**Exercise:** Using the listing below, output only the lines from the one that contains "Dans le cas" through the one that contains "(通讯员 王国念)2022年", inclusive, exactly as given and without images.

**Information supplied:**
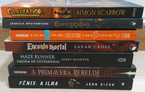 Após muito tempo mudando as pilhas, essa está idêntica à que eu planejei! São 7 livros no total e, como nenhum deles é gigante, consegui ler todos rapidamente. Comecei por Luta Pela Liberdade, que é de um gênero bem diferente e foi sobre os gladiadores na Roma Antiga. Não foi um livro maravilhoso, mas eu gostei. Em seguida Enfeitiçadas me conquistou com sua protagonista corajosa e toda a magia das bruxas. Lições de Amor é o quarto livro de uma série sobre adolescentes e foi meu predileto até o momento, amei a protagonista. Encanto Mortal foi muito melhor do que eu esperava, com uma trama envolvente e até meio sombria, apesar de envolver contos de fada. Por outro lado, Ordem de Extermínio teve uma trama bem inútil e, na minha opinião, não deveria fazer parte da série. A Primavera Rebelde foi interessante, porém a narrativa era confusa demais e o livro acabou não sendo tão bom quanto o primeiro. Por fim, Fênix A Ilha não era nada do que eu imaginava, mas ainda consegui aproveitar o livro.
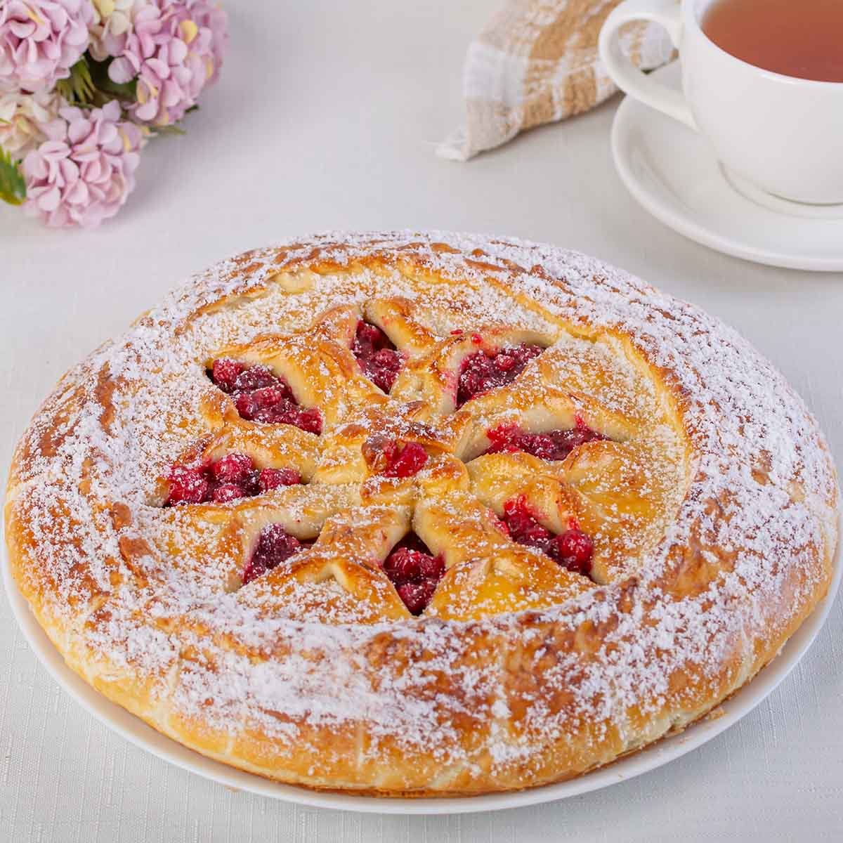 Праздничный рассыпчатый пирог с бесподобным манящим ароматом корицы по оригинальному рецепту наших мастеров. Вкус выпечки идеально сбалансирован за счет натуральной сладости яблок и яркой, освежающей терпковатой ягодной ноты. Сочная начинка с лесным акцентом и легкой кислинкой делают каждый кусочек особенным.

...

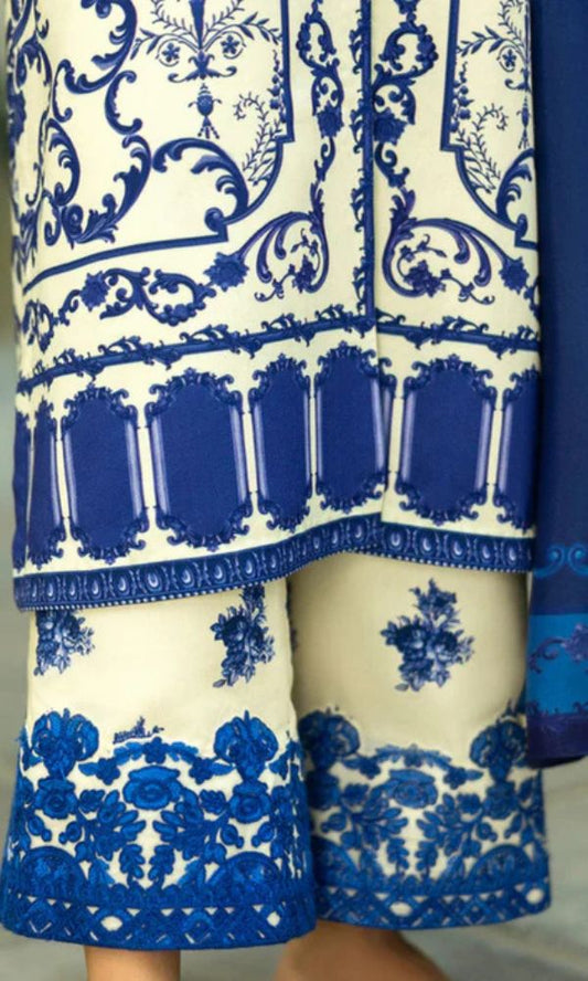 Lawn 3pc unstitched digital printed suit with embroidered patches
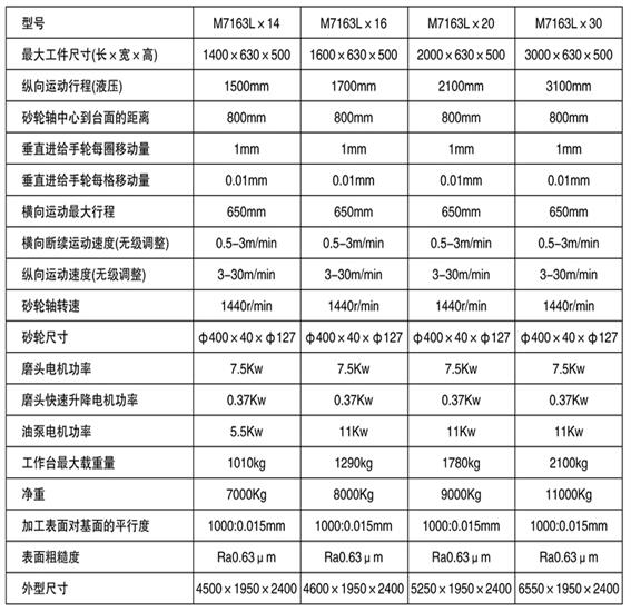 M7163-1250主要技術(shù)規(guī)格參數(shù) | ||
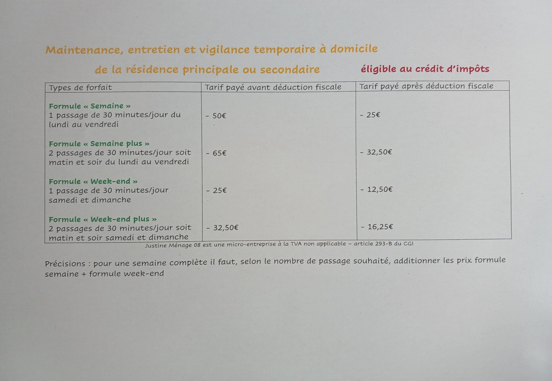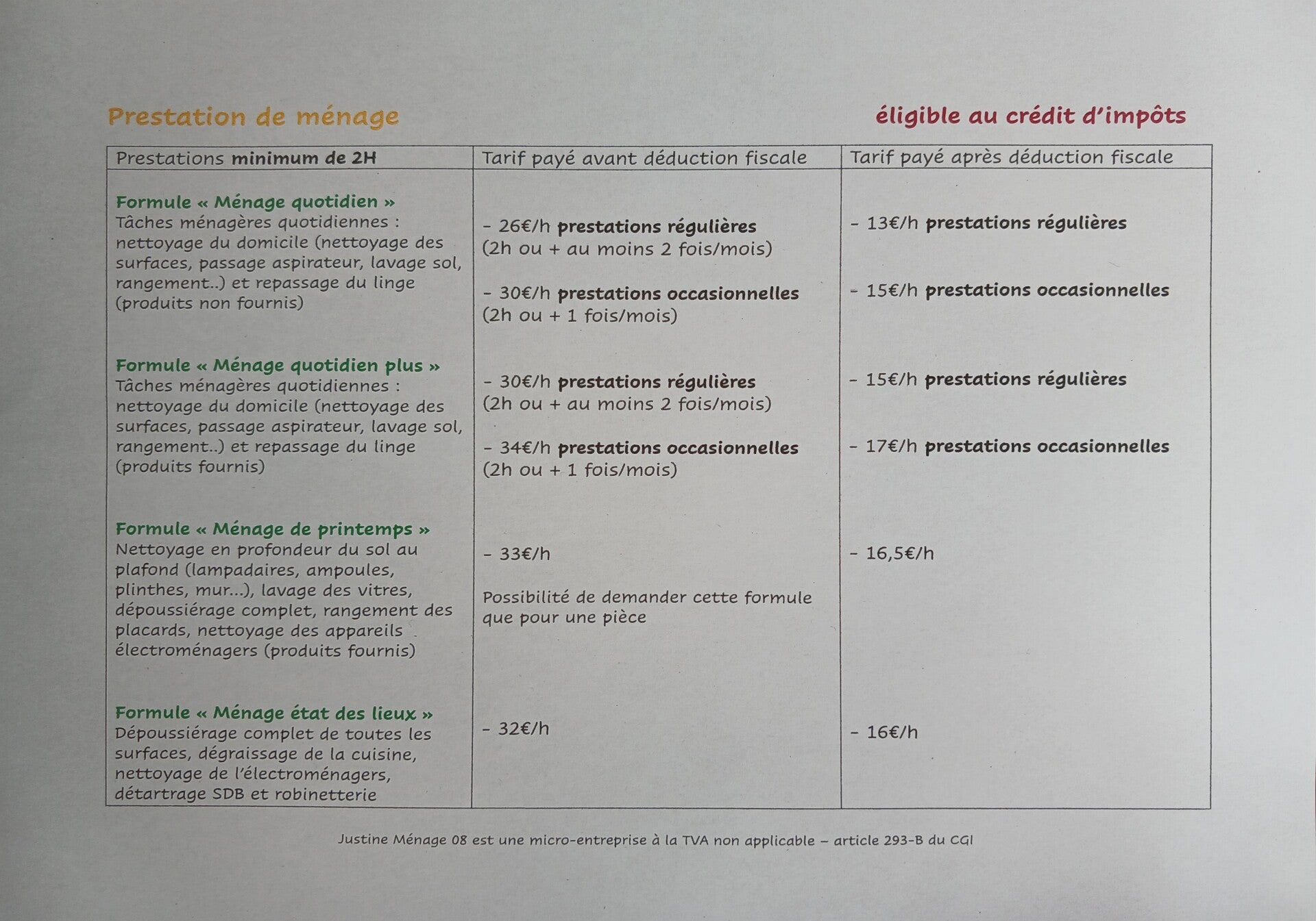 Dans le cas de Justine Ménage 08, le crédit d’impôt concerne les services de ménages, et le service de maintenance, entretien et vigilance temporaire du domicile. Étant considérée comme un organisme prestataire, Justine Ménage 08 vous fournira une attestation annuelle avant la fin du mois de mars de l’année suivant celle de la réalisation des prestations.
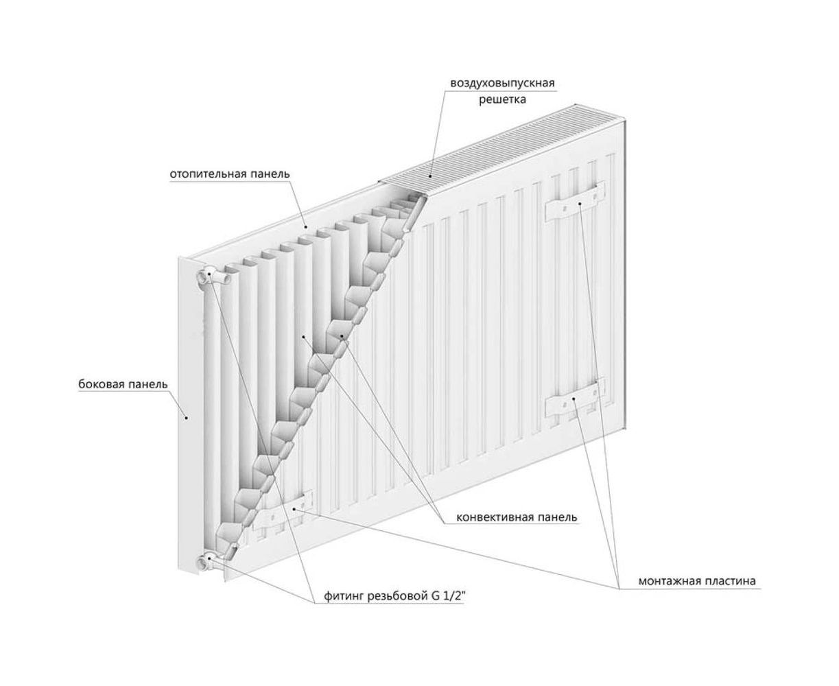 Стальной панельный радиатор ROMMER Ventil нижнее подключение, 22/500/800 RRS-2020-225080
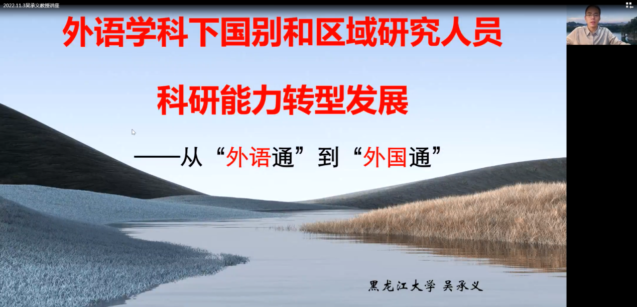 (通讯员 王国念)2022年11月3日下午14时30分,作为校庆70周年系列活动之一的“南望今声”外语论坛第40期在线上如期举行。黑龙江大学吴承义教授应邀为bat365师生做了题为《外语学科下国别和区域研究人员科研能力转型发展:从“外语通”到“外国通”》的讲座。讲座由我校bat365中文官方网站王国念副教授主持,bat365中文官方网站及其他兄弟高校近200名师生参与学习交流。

**Exercise result:**
 Dans le cas de Justine Ménage 08, le crédit d’impôt concerne les services de ménages, et le service de maintenance, entretien et vigilance temporaire du domicile. Étant considérée comme un organisme prestataire, Justine Ménage 08 vous fournira une attestation annuelle avant la fin du mois de mars de l’année suivant celle de la réalisation des prestations.
 Стальной панельный радиатор ROMMER Ventil нижнее подключение, 22/500/800 RRS-2020-225080
 (通讯员 王国念)2022年11月3日下午14时30分,作为校庆70周年系列活动之一的“南望今声”外语论坛第40期在线上如期举行。黑龙江大学吴承义教授应邀为bat365师生做了题为《外语学科下国别和区域研究人员科研能力转型发展:从“外语通”到“外国通”》的讲座。讲座由我校bat365中文官方网站王国念副教授主持,bat365中文官方网站及其他兄弟高校近200名师生参与学习交流。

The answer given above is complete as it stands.